Несколько секунд все бессмысленно всматривались туда, куда он показывал, а потом лоб у Эдварда разгладился.
– Похоже, мы идем, куда надо, – выдохнул он. – Я бы на месте Хью устроил везде бардак, а вокруг себя оставил бы все, как положено.
Среди холмов – а это все же были холмы, не скалы: то, что Генри издали принял за камни, оказалось иссохшими остатками травы, – висел утренний туман, едва заметный на фоне серого неба. Видимо, где-то там была река, и в слабой дымке, клубящейся над ней после ночного холода, мерцал слабый проблеск синего цвета. Он то исчезал, то появлялся, когда бледному солнечному лучу удавалось снова упасть под тем же углом.
– Ух ты, – выдохнул Сван, который не произнес ни слова с тех пор, как они сюда перенеслись.
И все кивнули.
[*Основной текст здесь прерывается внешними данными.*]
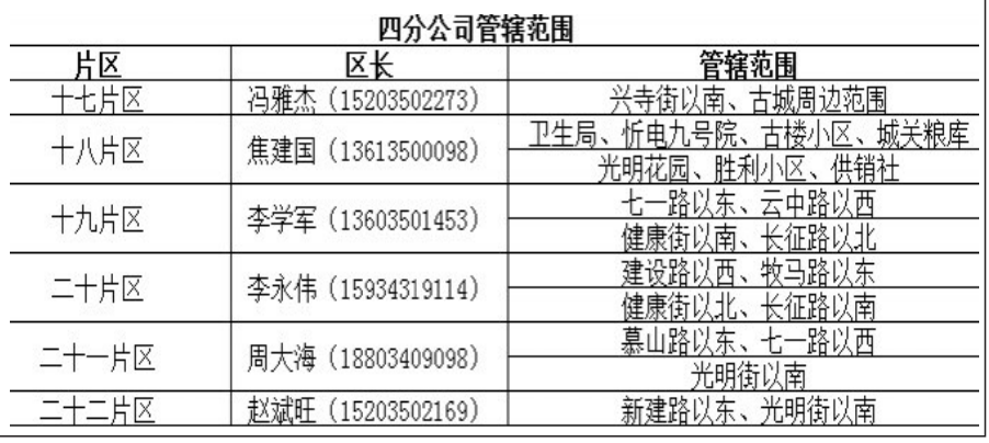 近期,忻州熱力有限公司收到很多用戶上門反饋,普遍反映客服熱線占線時(shí)間太長(zhǎng),無(wú)法及時(shí)反映供熱情況,導(dǎo)致用戶遇到供熱相關(guān)問(wèn)題或故障無(wú)法及時(shí)反饋。根據(jù)群眾目前遇到的困難,忻州熱力有限公司公布了22個(gè)供熱片區(qū)及負(fù)責(zé)人聯(lián)系方式,以便用戶及時(shí)反饋。

Ничто и никогда еще не казалось Генри таким ярким, как этот неверный синий блик. Что-то внутри его поверило, что красок больше не будет, – а теперь пело от радости.
До холмов они добрались со скоростью, которой Генри даже не ожидал, – но, видимо, не только ему хотелось быстрее попасть туда, где остались цвета. Они шли среди черных склонов уже минут десять, когда путь им преградил здоровенный камень с выбитой на нем старинной надписью:
«Дальше не ходить».
– Вы же помните сказку? – пробормотал Джетт. – В Краю изобилия изобилие – просто видимость, там все ядовитое.
– А я в детстве мечтал туда попасть, – дрогнувшим голосом сказал Сван. – Только Хью говорил, что такого обжору, как я, нельзя в такие места пускать: схвачу первую же грушу и отравлюсь.
В этот момент Генри впервые понял, как Свану, наверное, было приятно, что после исчезновения Хью никто его больше не обзывает по десять раз в день.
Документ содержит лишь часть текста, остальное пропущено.